The Mudcat Café TM
Thread #15998 Message #146855
Posted By: McGrath of Harlow
08-Dec-99 - 08:09 PM
Thread Name: Today in Ireland's History
Subject: Lyr Add: WHITE SNOW OF THE SPRINGTIME
Now that's some poem, Aine. And is it a song as well?
And that's a great song too Big Mick. What kind of tune is it?
I find it hard to take happy triumphalist songs about war, or the thought of people cheering it on from a distance. And I think that's what George H is on about in his question about where people live.
There's a different flavour to support for armed struggle when it's from thousands of miles away, or when it's from places where there've been bombings. That's something which the English and the Irish, both in Ireland and in England, have in common, whatever we think about the people who've been doing the bombing. It's something which neither of us share with the Americans, or the American born Irish for that matter. (And that's not saying that people in America haven't got a right to have a view and a role to play).
The war's been an awful thing. No one is free from blame, though the main blame lies on a succession of English politicians, mostly on the right.
Over the past century, they have used Ireland as an instrument for advancing their own domestic agenda, "playing the Orange card" whenever it suits them. Both sections of the Northern Irish community have been cheated and exploited, and trapped in a fratricidal civil war. And they have done awful things to each other. My father was 18 months in jail for fighting the Staters in the Civil War, and he was broken hearted by what was happening in the North during his last years before he died. He used to say they brought shame on the IRA.
It's a pretty shoddy peace deal in many ways; most peace deals are like that. But if it provides a space within which the two parts of the Northern Irish community can learn to recognise that they have far more in common with each other than with England, it can mean an end to the longest war on the planet.
God knows where it goes from here. Maybe when the Scots have broken away from England there'll be a confederation of Scotland and two Irish States within the European Union? Maybe King Charles will turn Catholic, and Ian Paisley will have to become a Republican...

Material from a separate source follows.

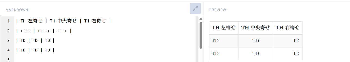 ・区切り行の「---」と「:(コロン)」を使って、データの配置方法を指定する。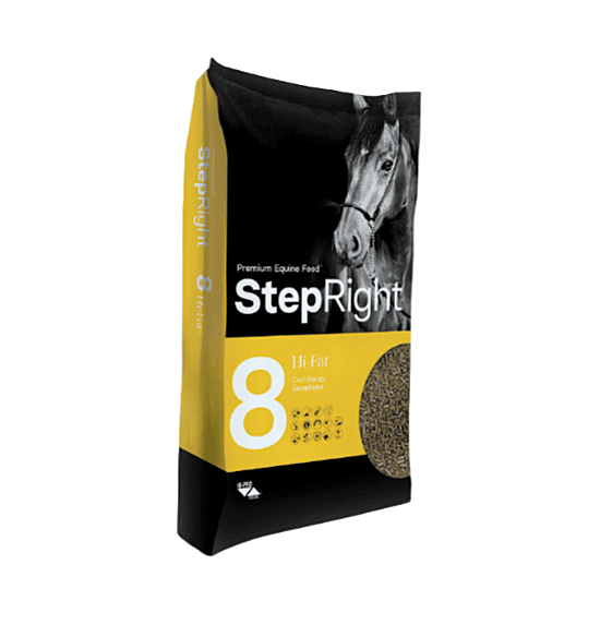 Step 8 - Hi-Fat Cool Energy is a pelleted, vacuum infused feed designed for hard-working performance horses or horses that require fat-sourced energy for better body condition.

On a more domestic Mudcat note - "You know, George, I'm really getting tired of you and your anti-Irish patriotism." That's hardly fair, Mbo. The man thinks that, while Cromwell did terrible things in Ireland he did some good in England. I don't agree with him, but it's not "anti-Irish". I know people who have been active in opposing the British involvement in Ireland would share that view. Tony Benn for example.
And as for "I don't hear anyone complaining about American & British nationalism!", well I'll be happy enough to do so anytime it gets out of hand and takes itself seriously.
Here's a song I wrote for the peace process a couple of years ago:
WHITE SNOW OF THE SPRINGTIME
Well it came like some angel before you could know. Now the blossom is fallen, it's gone like the snow. The blossom is fallen, now the white tree is green - When the summer is over then the fruit will be seen. White snow of the springtime, new hope once again, Strength to us all, till we meet here as friends, With hearts joined together, for all that is done - Peace ever after, from here and now on, Peace ever after, from here and now on.
Now it's time to remember the lessons we learn As we walk down this road, on which there's no return. Skies that are cloudy, the grass that is green, We carry them with us, those sights we have seen. White snow of the springtime, new hope once again, Strength to us all, till we meet here as friends, With hands joined together, for all that is done - Peace ever after, from here and now on, Peace ever after, from here and now on.
No greater love could a man ever show Than to lay down his dreams for his friends and his foes. Now and for ever, to stretch out those hands, Peace to the people of these troubled lands White snow of the springtime, new hope once again, Strength to us all, till we meet here as friends, With hands joined together, for all that is gone - Peace ever after, from here and now on. Peace ever after, from here and now on.